I Beg to differ with you, and think that what you have mentioned is the excuse used by most engineers when they are not sure about what they are doing.

The software which i mentioned, u just needs the soil type profile, and the depths of the different layer and no SPT/CPT values. Its results are reliable, i have billions of dollars of projects relying on that.

The joke was valid when we were in the 18th century, now with advanced tools at our disposal, we can measure and check everything we have. In the age of FEM, and P-Delta analysis, i guess Today is the time "to Measure with a Micromemetr, mark with a stencil and cut with laser".

More so, since you will be hanged if the design that yuou have done is not safe. We have plenty of examples where engineers have been sentenced beacause of failures in structures, so its our job to use the data as effcectively as possible. The tables in IS code come with a clause that the engineer to ensure that they are valid and applicable, and you are very unlikely to find that exact profile, since the lateral stiffness of soil depends upon the different layers it encounters and their relative depths from top, wethher they are saturated or not etc. In this circustance its better to use data that we have got from the soil investigation consultant and know that he willbe held responsible for it and then use the best method available to get foundation properties.

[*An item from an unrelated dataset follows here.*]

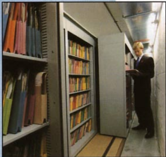
Glide-A-Slide in narrow corridor.

Whats the use of soil investigation if we have to go back to IS code ? IS code have complete designs also in the SP-xx for almost all types of structures, foundations, roads, bridges, culverts shelters, why design then ??

With respect.

Mandeep S. Kohli


abhio wrote:
Dear Er Kohli,

The depth of fixity charts given in IS: 2911 provide a reasonable solution. Of course, it can definitely be improved by means of a more detailed analysis. However, such an analysis is only as good as the data you put into it. For the most reliable estimates of lateral soil stiffness, you ought to have pressuremeter tests, rather than only SPT / CPT. In the absence of high quality data, I believe that high end analysis can give a dangerous, unjustified sense of extra high precision without underlying accuracy.

There's a joke that goes "measure with a micrometer, mark with chalk, and cut with an axe". Using SPT/ CPT data for estimates of lateral soil stiffness, and plugging these numbers into a high end software runs the risk of repeating the joke in the other direction.